__Description of the task__
Starting with the line that has "総合的な学習の時間の一環とし" in the records below and ending with the line that has "Center Tickets Sales", output those lines exactly and nothing more; omit the pictures.
──────── Data supplied ────────
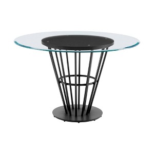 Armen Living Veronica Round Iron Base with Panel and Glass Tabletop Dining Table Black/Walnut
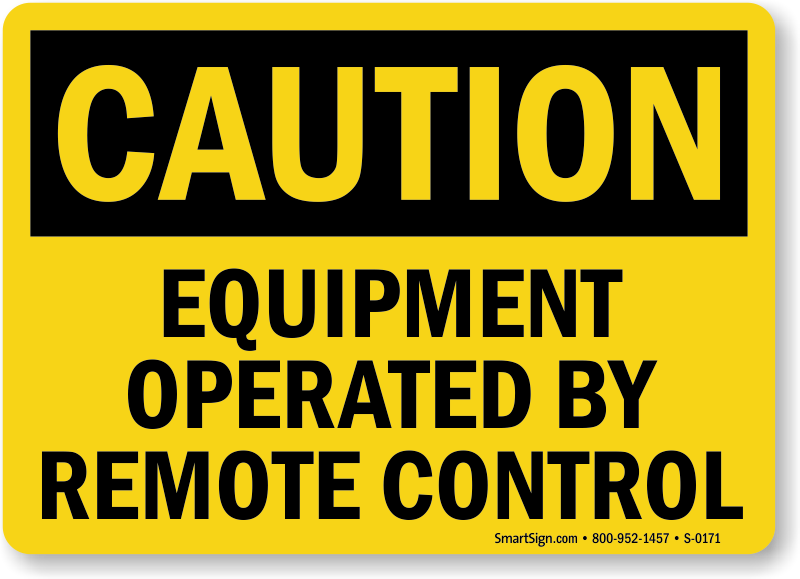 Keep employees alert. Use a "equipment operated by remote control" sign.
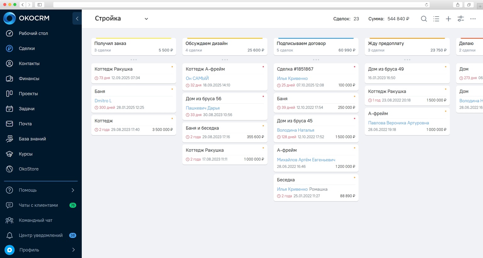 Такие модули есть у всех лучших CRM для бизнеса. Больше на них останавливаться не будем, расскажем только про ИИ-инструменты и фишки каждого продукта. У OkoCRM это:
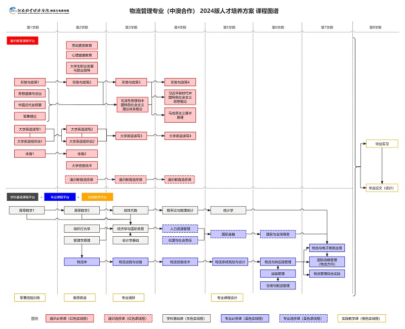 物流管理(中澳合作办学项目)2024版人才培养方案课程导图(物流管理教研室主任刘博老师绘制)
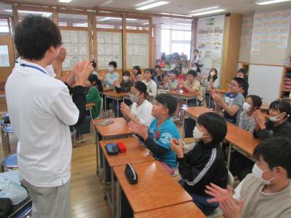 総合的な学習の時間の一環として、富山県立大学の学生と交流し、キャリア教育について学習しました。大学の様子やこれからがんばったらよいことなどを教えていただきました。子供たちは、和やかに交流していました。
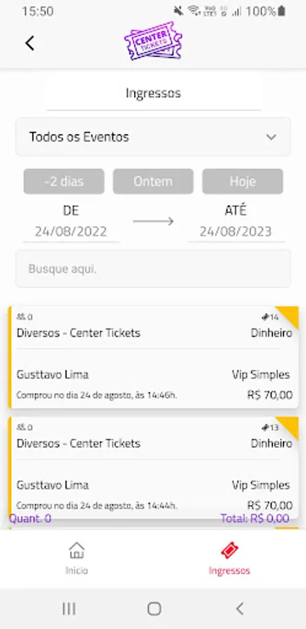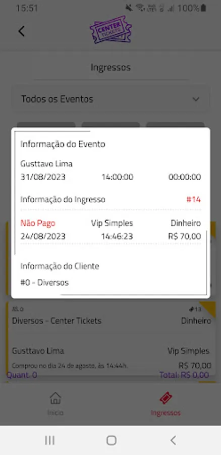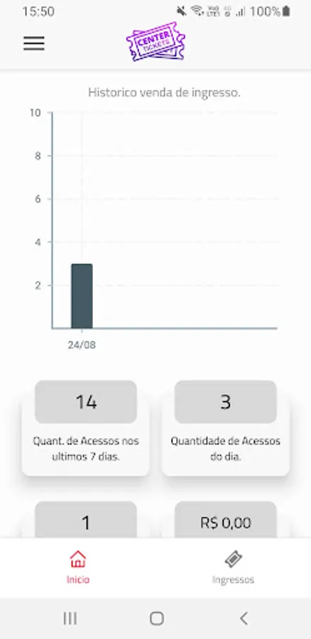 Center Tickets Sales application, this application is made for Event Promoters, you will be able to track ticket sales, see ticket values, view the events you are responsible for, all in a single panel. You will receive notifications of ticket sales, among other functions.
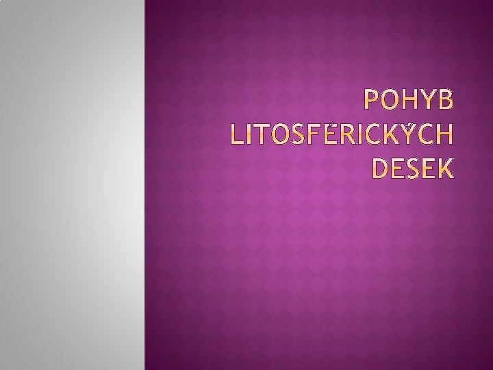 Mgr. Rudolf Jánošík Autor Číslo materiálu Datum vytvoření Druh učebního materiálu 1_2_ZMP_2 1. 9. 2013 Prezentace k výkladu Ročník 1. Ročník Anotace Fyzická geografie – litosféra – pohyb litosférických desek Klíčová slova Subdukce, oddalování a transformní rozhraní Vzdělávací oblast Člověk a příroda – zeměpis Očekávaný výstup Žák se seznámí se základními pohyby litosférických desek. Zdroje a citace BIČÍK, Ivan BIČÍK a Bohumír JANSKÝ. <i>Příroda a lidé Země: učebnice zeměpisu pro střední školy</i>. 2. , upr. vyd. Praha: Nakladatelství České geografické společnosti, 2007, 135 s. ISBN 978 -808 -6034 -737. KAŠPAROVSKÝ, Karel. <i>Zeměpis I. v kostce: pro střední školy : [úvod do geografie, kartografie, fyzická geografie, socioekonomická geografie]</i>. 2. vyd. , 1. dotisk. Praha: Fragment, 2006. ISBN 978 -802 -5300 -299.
────────
──────── Data supplied ────────
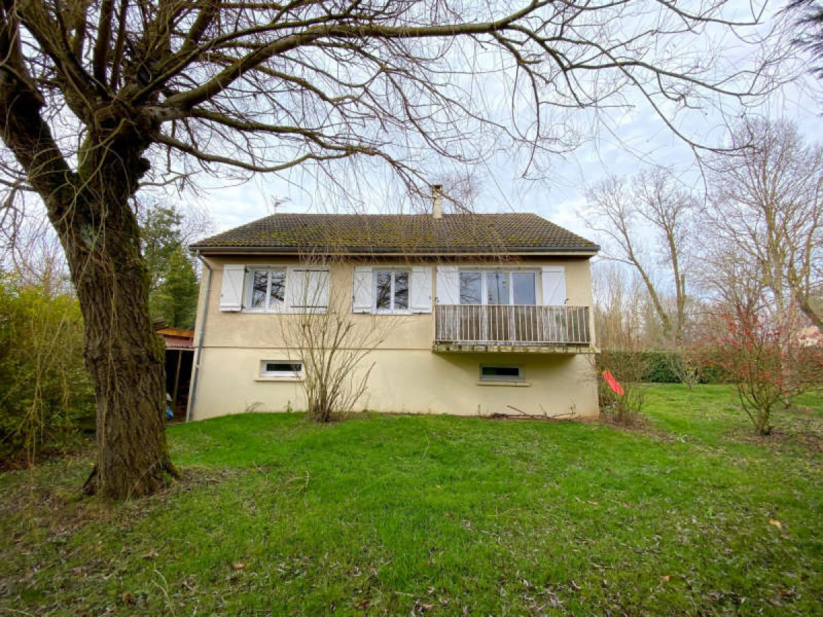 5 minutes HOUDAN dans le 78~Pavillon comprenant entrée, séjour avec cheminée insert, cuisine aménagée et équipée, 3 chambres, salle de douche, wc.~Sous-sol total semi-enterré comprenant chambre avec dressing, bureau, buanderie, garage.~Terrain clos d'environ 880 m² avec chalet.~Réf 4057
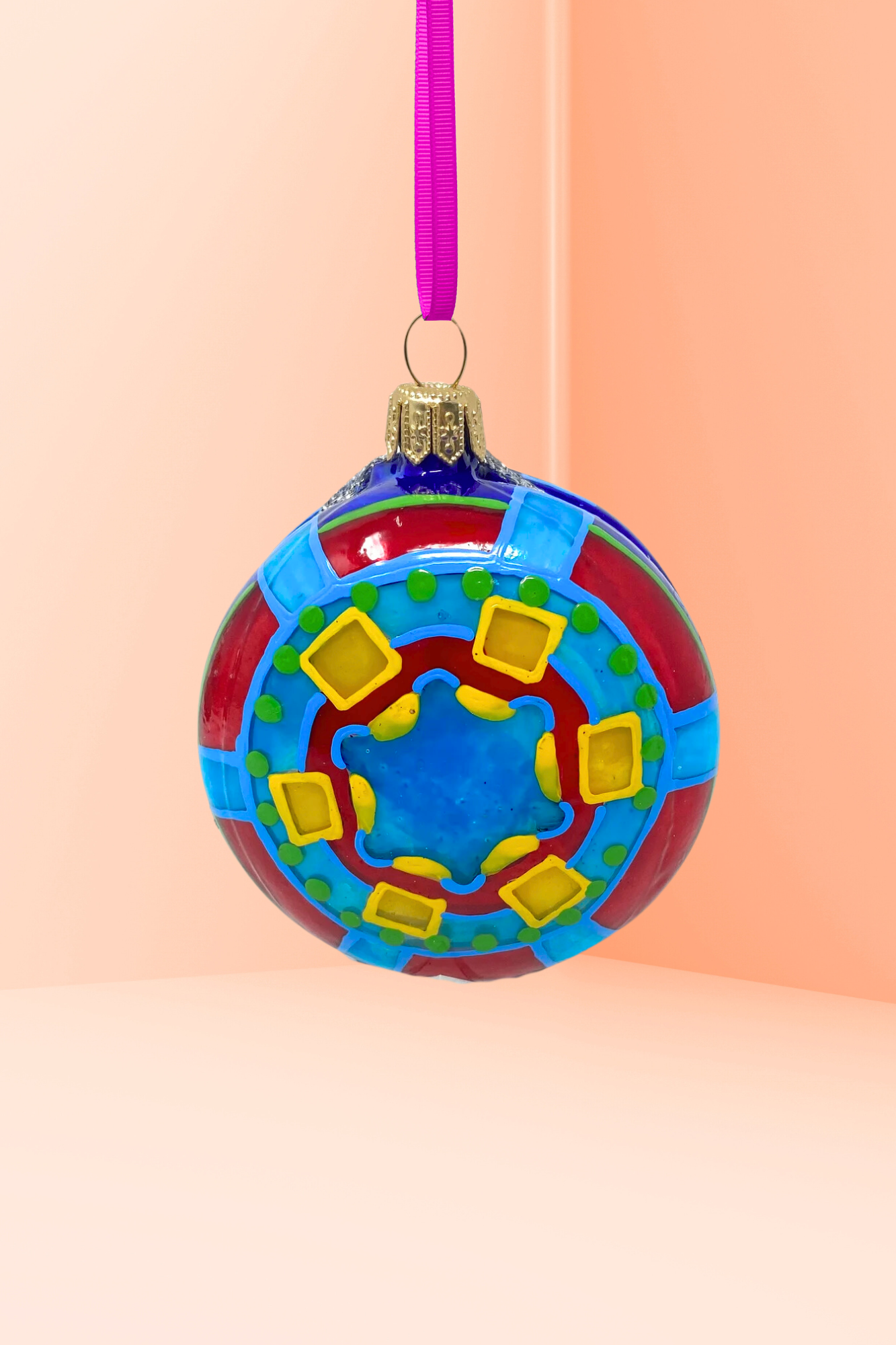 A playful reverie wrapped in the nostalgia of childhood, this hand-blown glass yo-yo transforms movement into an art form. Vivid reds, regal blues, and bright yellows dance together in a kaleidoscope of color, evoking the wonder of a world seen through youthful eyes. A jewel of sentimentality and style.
────────
__Completed exercise__
 総合的な学習の時間の一環として、富山県立大学の学生と交流し、キャリア教育について学習しました。大学の様子やこれからがんばったらよいことなどを教えていただきました。子供たちは、和やかに交流していました。
 Center Tickets Sales application, this application is made for Event Promoters, you will be able to track ticket sales, see ticket values, view the events you are responsible for, all in a single panel. You will receive notifications of ticket sales, among other functions.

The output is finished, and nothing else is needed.